> _Exercise requirements_: Output the run of lines that opens with the first line of the material below and closes with the line containing "and feminine charm.", both included, and drop the pictures.

> _Raw data_:

* * * * * * * * *

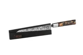 Het Kiritsuke mes combineert de functionaliteit van een santoku en koksmes en de ongeëvenaarde schepte zorgt voor een ongekende precisie bij elke snede. Het mes is hand gesmeed in maar liefst 67 lagen van AUS10 staal en heeft een hardheid van 61 Rockwell. Dit resulteert in een zeer prettige snijervaring en langdurige scherpte.
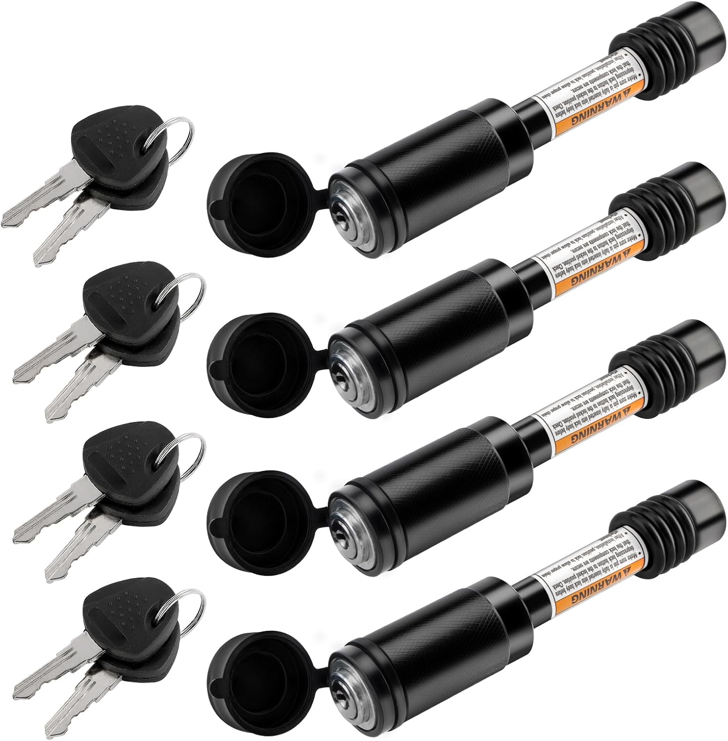 - 【PACKAGE INCLUDES】- It’s a newly upgraded hitch lock with all metal construction. This trailer hitch lock comes with 8 x keys, 16 x Rubber O-Rings, 4 x 5/8" lock pin and 4 x Upgrade button lock head.
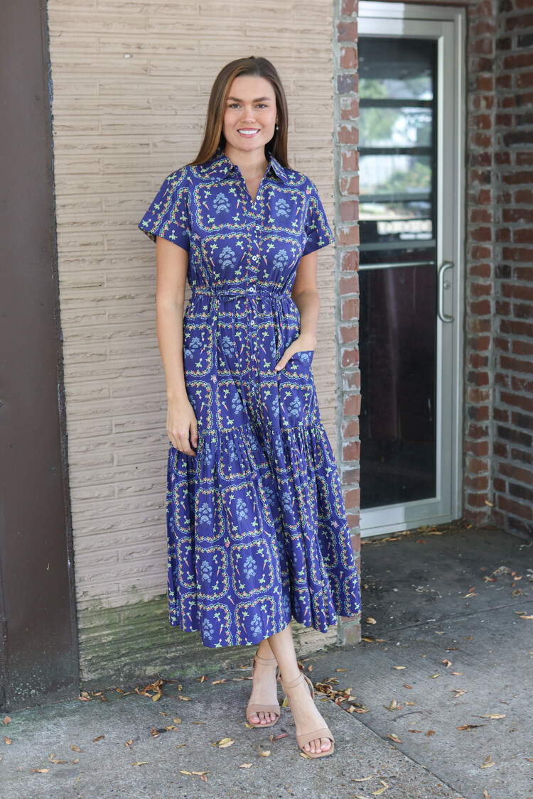 • This midi-length beauty showcases a classic shirt dress silhouette with modern updates including a flattering tie waist and playful tiered ruffle hem that adds movement and feminine charm.
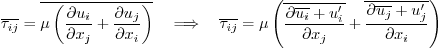 Reynolds averaged equations can be found by averaging the Navier Stokes equations. In doing so, note that the average of a fluctuation (prime) quantity is always zero, and that averaging an already averaged (bar) quantity leaves the averaged quantity unchanged. Also note that averaging is a linear operation that commutes with addition and differentiation.
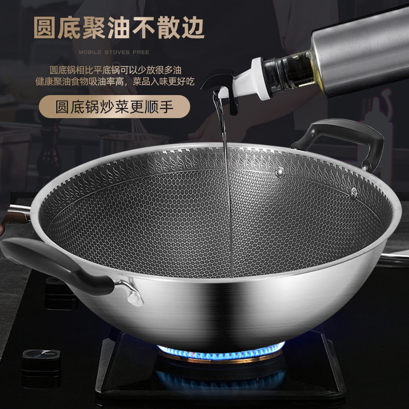 Double ear frying pan 304 stainless steel non-stick pot household large round bottom frying pan gas concave induction cooker special

* * * * * * * * *

> _Answer for this exercise_:
 Het Kiritsuke mes combineert de functionaliteit van een santoku en koksmes en de ongeëvenaarde schepte zorgt voor een ongekende precisie bij elke snede. Het mes is hand gesmeed in maar liefst 67 lagen van AUS10 staal en heeft een hardheid van 61 Rockwell. Dit resulteert in een zeer prettige snijervaring en langdurige scherpte.
 - 【PACKAGE INCLUDES】- It’s a newly upgraded hitch lock with all metal construction. This trailer hitch lock comes with 8 x keys, 16 x Rubber O-Rings, 4 x 5/8" lock pin and 4 x Upgrade button lock head.
 • This midi-length beauty showcases a classic shirt dress silhouette with modern updates including a flattering tie waist and playful tiered ruffle hem that adds movement and feminine charm.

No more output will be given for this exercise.